* _Task goal_
The material below holds the lines to copy: from the one with "打开软件后,进入本周心情页面" up to and including the one with "Bracelet noble et". Copy them exactly and skip the pictures.

* _Dataset records_
────────────────
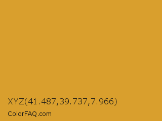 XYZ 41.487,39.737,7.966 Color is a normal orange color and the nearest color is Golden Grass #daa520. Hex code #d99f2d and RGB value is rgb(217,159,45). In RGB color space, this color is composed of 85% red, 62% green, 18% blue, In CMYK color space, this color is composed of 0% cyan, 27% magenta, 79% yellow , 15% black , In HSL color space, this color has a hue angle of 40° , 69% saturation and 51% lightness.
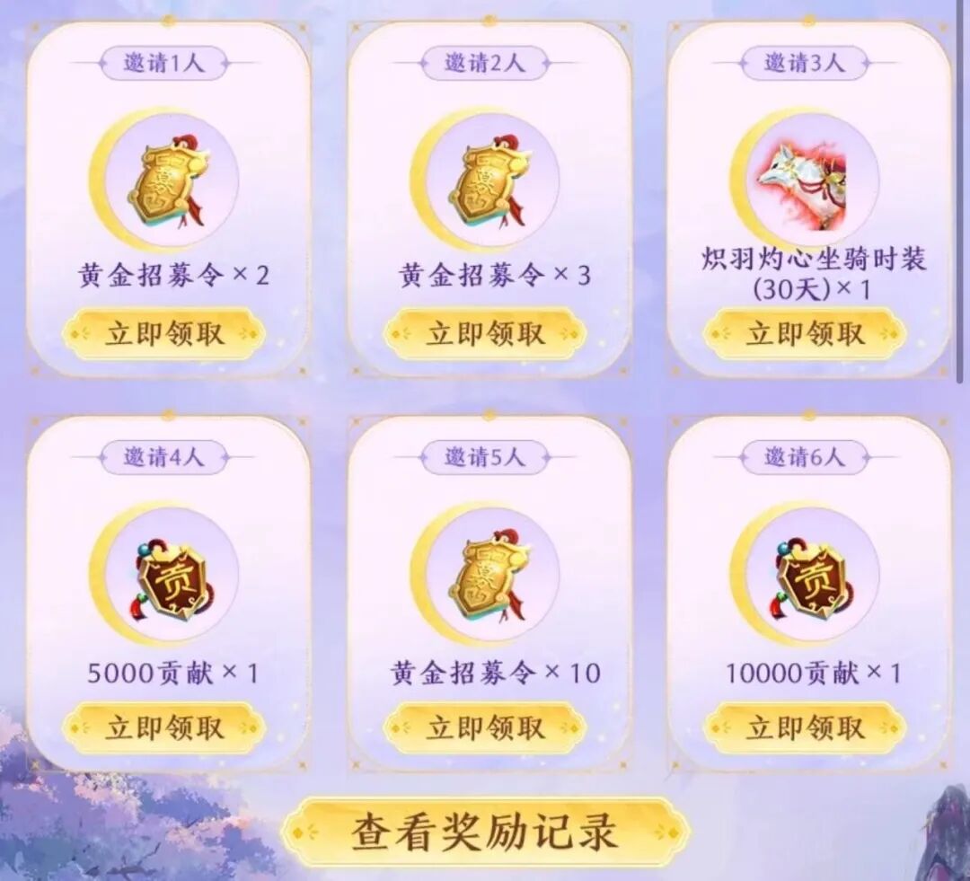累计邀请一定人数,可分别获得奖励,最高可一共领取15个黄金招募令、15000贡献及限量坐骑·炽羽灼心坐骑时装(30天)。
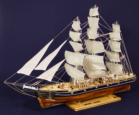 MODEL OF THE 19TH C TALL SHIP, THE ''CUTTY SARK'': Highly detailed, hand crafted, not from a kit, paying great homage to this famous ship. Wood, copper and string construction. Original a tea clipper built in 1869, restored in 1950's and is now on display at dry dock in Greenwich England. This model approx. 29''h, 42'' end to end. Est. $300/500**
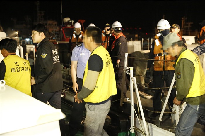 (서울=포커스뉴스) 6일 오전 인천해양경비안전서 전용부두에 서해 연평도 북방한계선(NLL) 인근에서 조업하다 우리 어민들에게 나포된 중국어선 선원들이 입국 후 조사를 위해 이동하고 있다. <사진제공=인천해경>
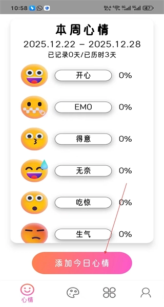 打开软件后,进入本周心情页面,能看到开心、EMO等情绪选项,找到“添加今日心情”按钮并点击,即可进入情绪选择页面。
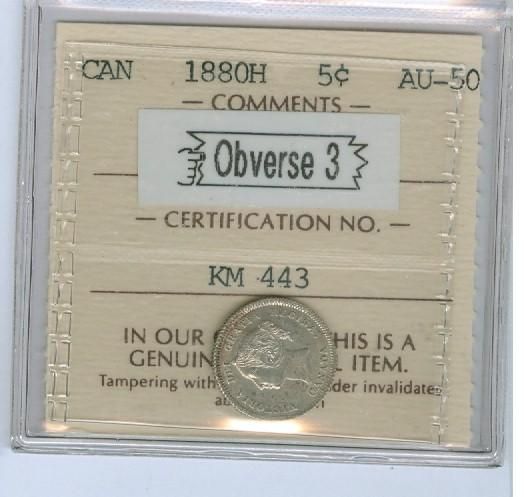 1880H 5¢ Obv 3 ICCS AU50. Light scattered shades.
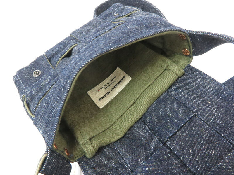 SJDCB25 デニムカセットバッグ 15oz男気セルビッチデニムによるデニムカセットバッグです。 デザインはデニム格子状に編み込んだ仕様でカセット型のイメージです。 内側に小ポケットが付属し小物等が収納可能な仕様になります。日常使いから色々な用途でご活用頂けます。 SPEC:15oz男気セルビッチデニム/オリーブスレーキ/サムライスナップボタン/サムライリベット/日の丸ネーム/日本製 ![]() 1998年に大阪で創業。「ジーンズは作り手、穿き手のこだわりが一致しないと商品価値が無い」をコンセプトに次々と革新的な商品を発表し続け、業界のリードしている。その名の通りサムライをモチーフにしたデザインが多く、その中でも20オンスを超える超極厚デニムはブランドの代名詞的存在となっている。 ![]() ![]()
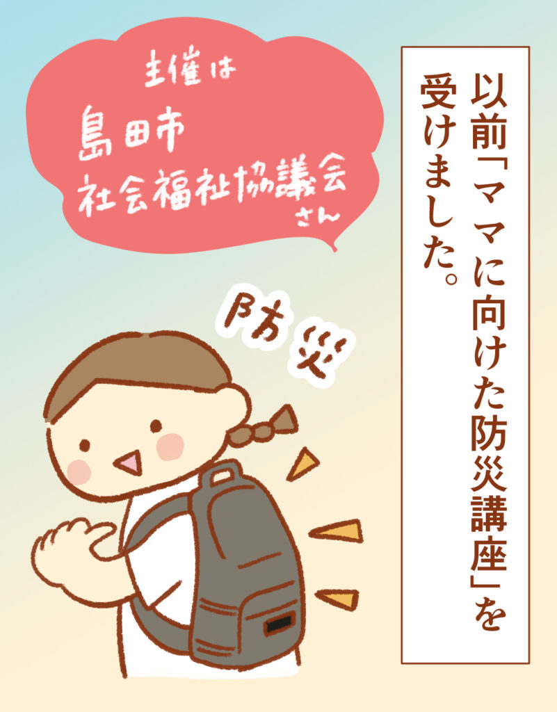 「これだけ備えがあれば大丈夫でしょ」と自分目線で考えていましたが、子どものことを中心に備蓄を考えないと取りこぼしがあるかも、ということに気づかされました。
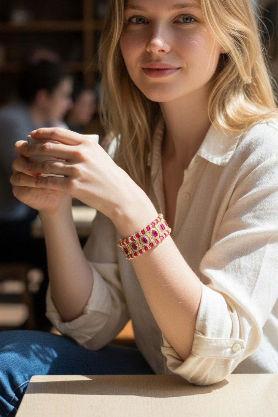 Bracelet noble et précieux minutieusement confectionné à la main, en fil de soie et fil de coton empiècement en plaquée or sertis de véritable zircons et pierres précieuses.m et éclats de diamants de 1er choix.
────────────────
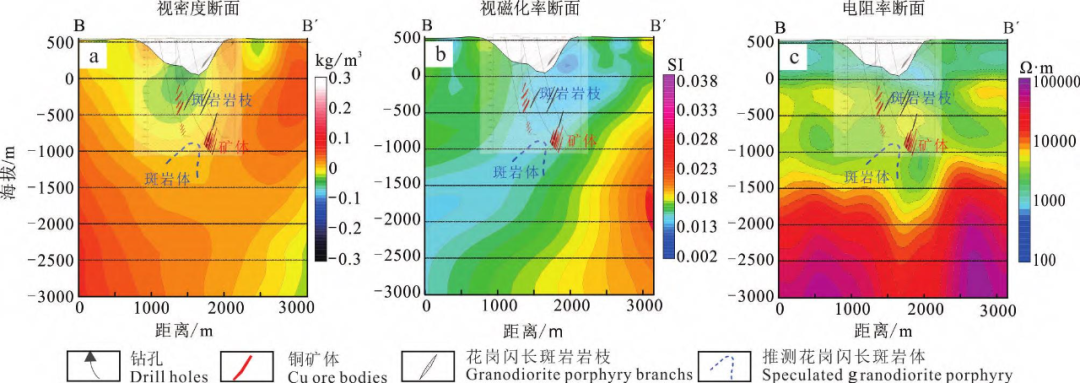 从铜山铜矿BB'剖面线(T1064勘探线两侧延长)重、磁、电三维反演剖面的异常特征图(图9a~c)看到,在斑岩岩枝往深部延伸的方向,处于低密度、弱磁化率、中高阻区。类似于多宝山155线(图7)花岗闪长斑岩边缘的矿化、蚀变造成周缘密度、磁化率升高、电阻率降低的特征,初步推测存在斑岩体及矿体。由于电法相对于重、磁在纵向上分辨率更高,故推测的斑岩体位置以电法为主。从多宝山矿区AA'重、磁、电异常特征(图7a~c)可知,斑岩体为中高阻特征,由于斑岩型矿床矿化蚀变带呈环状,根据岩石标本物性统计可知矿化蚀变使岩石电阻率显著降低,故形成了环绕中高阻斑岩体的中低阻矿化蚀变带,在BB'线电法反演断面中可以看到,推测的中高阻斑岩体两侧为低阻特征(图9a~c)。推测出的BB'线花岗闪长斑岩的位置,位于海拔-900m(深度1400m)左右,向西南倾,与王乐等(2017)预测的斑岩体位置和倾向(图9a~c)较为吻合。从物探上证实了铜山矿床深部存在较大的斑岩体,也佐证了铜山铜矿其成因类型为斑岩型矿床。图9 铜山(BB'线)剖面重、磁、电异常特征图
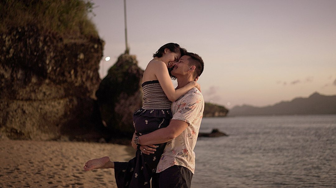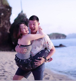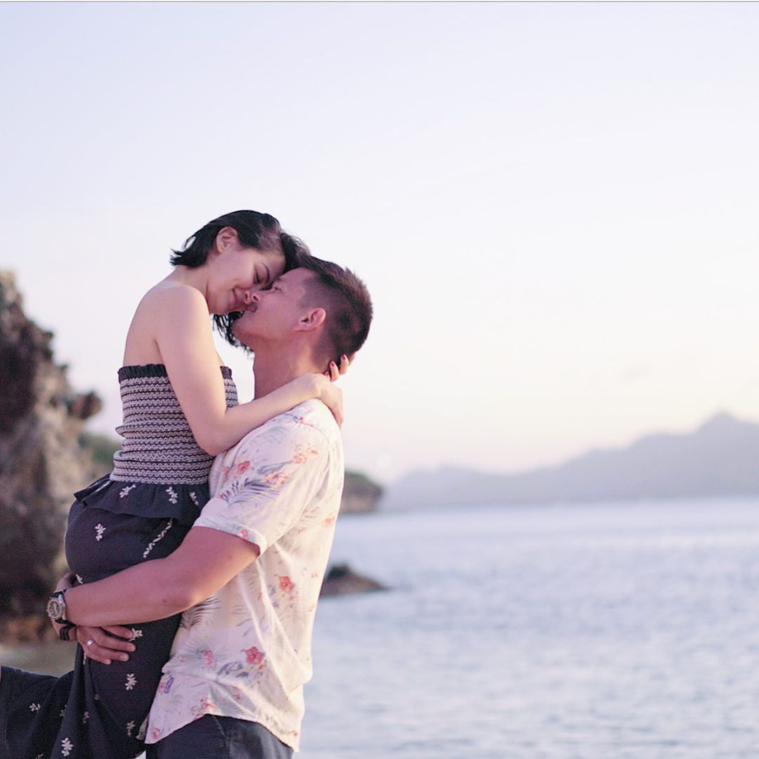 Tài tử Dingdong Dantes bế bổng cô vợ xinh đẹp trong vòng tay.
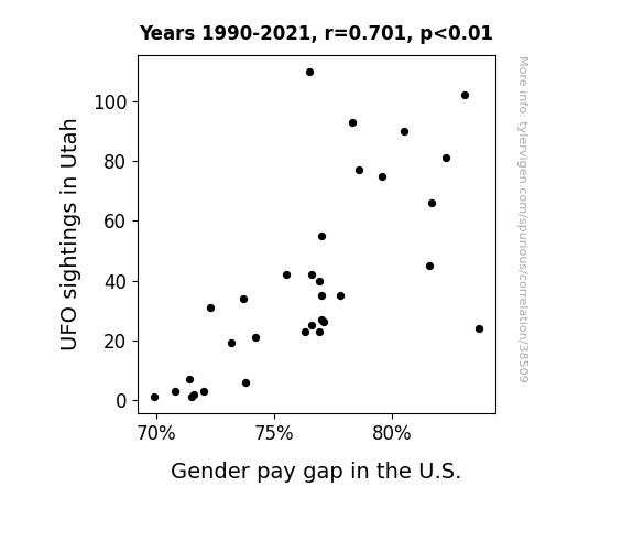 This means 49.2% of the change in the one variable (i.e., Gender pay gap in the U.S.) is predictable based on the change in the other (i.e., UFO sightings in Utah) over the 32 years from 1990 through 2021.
────────────────
* _Exercise answer_
 打开软件后,进入本周心情页面,能看到开心、EMO等情绪选项,找到“添加今日心情”按钮并点击,即可进入情绪选择页面。
 1880H 5¢ Obv 3 ICCS AU50. Light scattered shades.
 SJDCB25 デニムカセットバッグ 15oz男気セルビッチデニムによるデニムカセットバッグです。 デザインはデニム格子状に編み込んだ仕様でカセット型のイメージです。 内側に小ポケットが付属し小物等が収納可能な仕様になります。日常使いから色々な用途でご活用頂けます。 SPEC:15oz男気セルビッチデニム/オリーブスレーキ/サムライスナップボタン/サムライリベット/日の丸ネーム/日本製 ![]() 1998年に大阪で創業。「ジーンズは作り手、穿き手のこだわりが一致しないと商品価値が無い」をコンセプトに次々と革新的な商品を発表し続け、業界のリードしている。その名の通りサムライをモチーフにしたデザインが多く、その中でも20オンスを超える超極厚デニムはブランドの代名詞的存在となっている。 ![]() ![]()
 「これだけ備えがあれば大丈夫でしょ」と自分目線で考えていましたが、子どものことを中心に備蓄を考えないと取りこぼしがあるかも、ということに気づかされました。
 Bracelet noble et précieux minutieusement confectionné à la main, en fil de soie et fil de coton empiècement en plaquée or sertis de véritable zircons et pierres précieuses.m et éclats de diamants de 1er choix.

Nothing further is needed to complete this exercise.